The results of our Illumina high-throughput sequencing analyses revealed considerable variations in microbial community richness, diversity, and structure between three typical peatlands at different depths across a forest–peatland ecotone. The relative abundances of Proteobacteria and Bacteroidota decreased greatly, whereas the relative abundances of Acidobacteriota and Chloroflexota increased along the forest–peatland environmental gradient (LT to NT). The alterations in bacterial community structure were better explained by the peatland type than the soil depth. Moreover, soil pH and SWC are key factors shaping soil bacterial community structure in permafrost peatlands. Climate change will likely alter vegetation communities and their relationships with soil microbial communities in the peatlands of the high-latitude cold regions.
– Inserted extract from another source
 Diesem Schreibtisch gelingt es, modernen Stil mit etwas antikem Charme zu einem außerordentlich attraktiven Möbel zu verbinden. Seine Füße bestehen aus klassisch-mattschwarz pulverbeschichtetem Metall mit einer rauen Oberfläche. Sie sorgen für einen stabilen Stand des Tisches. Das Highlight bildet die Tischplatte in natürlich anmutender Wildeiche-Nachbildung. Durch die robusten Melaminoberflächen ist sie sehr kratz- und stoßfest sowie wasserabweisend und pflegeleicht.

It is necessary to comprehend the linkage responses of soil microbial and vegetation communities in the peatlands of high-latitude cold regions to permafrost degradation for preferably predicting the future function of permafrost peatlands.

Author Contributions

Conceptualization, L.L. and D.M.; Data curation, Z.W., L.L. and D.M.; Software, M.Z.; Methodology, L.F.; Investigation, M.Z. and L.F.; Writing—original draft, L.L., Z.W. and D.M.; Writing—review and editing, L.L. and D.M. All authors have read and agreed to the published version of the manuscript.

Funding

This study was jointly funded by the National Natural Science Foundation of China (42171127), the Postdoctoral Scientific Research Starting Foundation of Heilongjiang Province (LBH-Q21022), and Harbin Normal University Graduate Innovative Research Project (HSDSSCX2022-06).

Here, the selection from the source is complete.